Sunday, March 03, 2013

Painful memories from a Chico visitor

2013-03-03_godinez

The last conversation Kristine Godinez had with her dad was by phone in 1997. "Three days later," she writes, "he died of a massive heart attack while sitting on the toilet." Though they expressed mutual love, their relationship was "complicated." Now a therapist in Arizona, Godinez grew up in Gridley, attended a "fundamentalist" church in Richvale, and eventually came to Chico State University. She was a recent guest for a book signing at The Bookstore in downtown Chico.

Godinez' father was a local attorney, an accomplished man with a penchant for stirring the pot wherever he went. "My dad's behavior was bizarre," she remembers. "The man prided himself on being a faithful marine and a good Christian, but he would get involved in emotional affairs, left, right, and center. Not sexual affairs, emotional affairs. He would find a woman and idealize her and seek to spend as much time with her as possible."

That was not the half of it. Godinez tells her sad and challenging story in "What's Wrong With Your Dad?: Growing Up The Child Of An Addict With Borderline Personality Disorder" ($14.95 in paperback, self-published; available in Amazon Kindle e-book format). The book is the kind of journal Godinez recommends her clients keep. "Normally I would burn this, but this is to show how it is done. Writing it, I experienced every emotion, every tear, every laugh. I made it from the beginning to the other side intact and so will you."

What is Borderline Personality Disorder? Those "with BPD tend to have very low self-esteem to no self-esteem and are terrified of abandonment. They engage in reckless behavior and persist in suicidal ideation or gestures.

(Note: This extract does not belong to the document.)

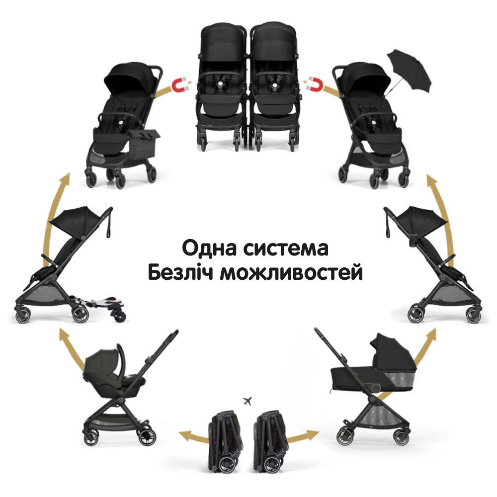 - Инновационная магнитная система: первая в своем роде функция, позволяющая без труда прикреплять аксессуары - или даже две коляски - всего за одну секунду.
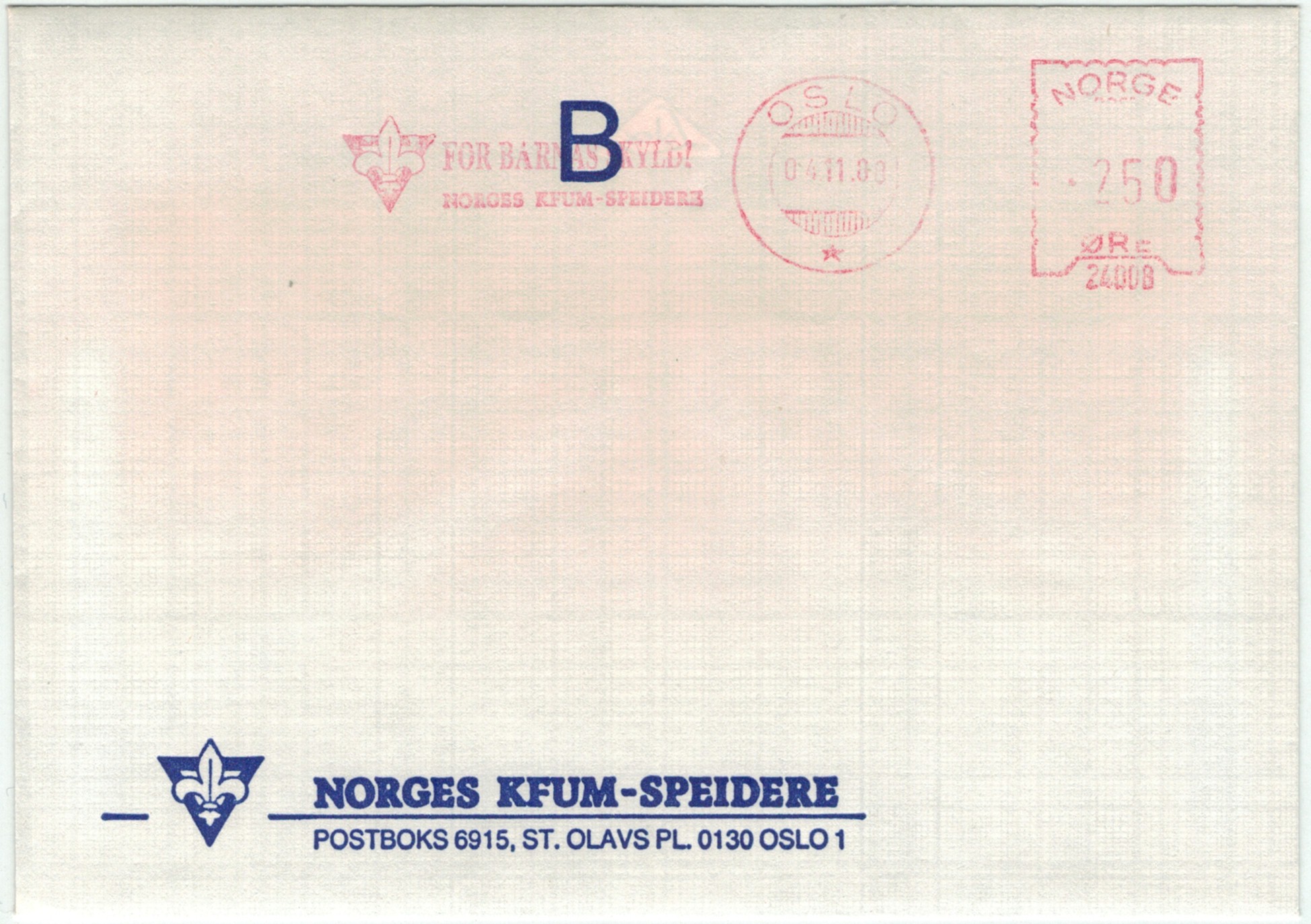 | N-X-OSL-026 | 1989 | 24008 | KFUM | For barnas skyld! Norges KFUM-Speidere | |

They also express the belief that they are unique somehow in their suffering; they have an inability to accept personal responsibility for their actions. ... They are master manipulators." The book details a litany of physical, emotional and sexual abuse perpetrated by the man on his family.

There's plenty of swearing in the book, something the author says helps relieve the hurt, and "aside from the fact it makes people I don't like immensely uncomfortable, I enjoy doing it." There are touches of humor (Godinez calls her mother "Cleopatra Queen of Denial") but the wounds are still there.